▼

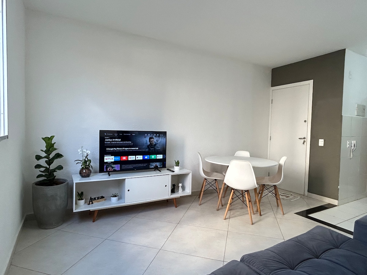 Den møblerede lejlighed med 2 soveværelser og 3 senge (1 dobbeltseng og 2 enkeltsenge). Køkkener med mikrobølgeovn, kaffemaskine, sandwichmaskine, redskaber, køleskab og komfur. Tv, Wi-Fi og loftsventilator. Lejlighed med parkeringsplads, legeplads, grill, minimarked og døgnåben concierge. Beliggende i nærheden af Confins Airport, Administrative City, Galo City og indkøbscenter. Rolig, sikker og nem adgang til regionen.
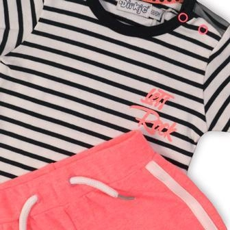 Dirkje tweedelige peuterset – gestreept T-shirt en roze short
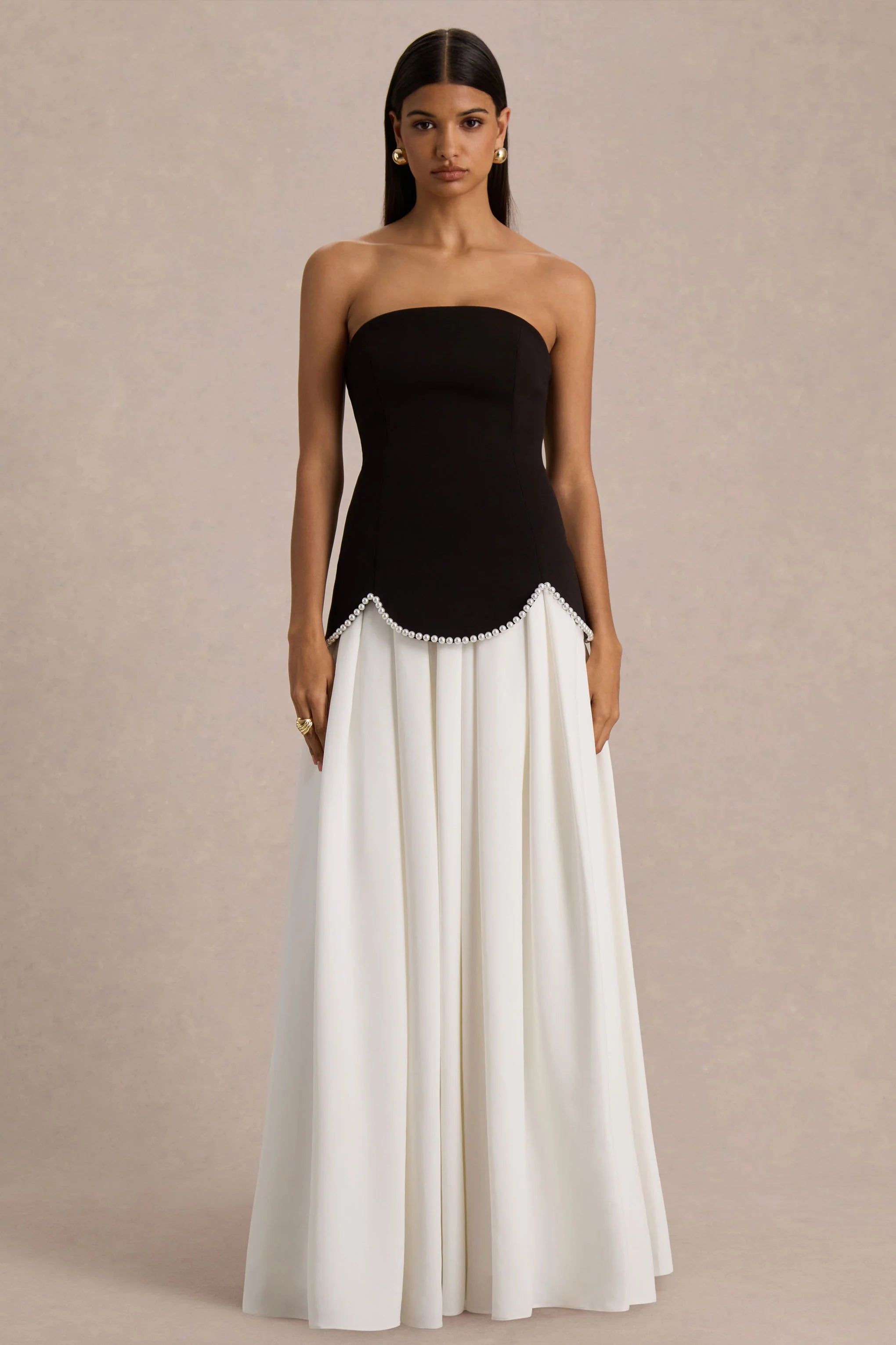 Say hello to Wendy, the maxi dress made for timeless sophistication. Crafted from our premium crepe in contrasting black and white, its floor-length silhouette flatters the figure with effortless grace. The sleek bandeau neckline exudes modern elegance, while scalloped pearl detailing adds a touch of vintage-inspired glamour. Finished with an internal corset, this gown ensures you are flattered from all angles. Wendy is your go-to for a refined take on evening dressing.
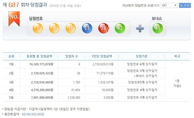 나눔로또는 지난 30일 오후 추첨한 제 687회차 나눔로또 당첨번호 1등이 1, 8, 10, 13, 28, 42번으로 결정됐다고 밝혔다. 보너스 번호는 45번.

▲

* _Exercise requirements_:
Say again, word for word, the lines beginning at the top of the data and ending with the line that has "Dirkje tweedelige peuterset". Skip the pictures.

* _Solved problem_:
 Den møblerede lejlighed med 2 soveværelser og 3 senge (1 dobbeltseng og 2 enkeltsenge). Køkkener med mikrobølgeovn, kaffemaskine, sandwichmaskine, redskaber, køleskab og komfur. Tv, Wi-Fi og loftsventilator. Lejlighed med parkeringsplads, legeplads, grill, minimarked og døgnåben concierge. Beliggende i nærheden af Confins Airport, Administrative City, Galo City og indkøbscenter. Rolig, sikker og nem adgang til regionen.
 Dirkje tweedelige peuterset – gestreept T-shirt en roze short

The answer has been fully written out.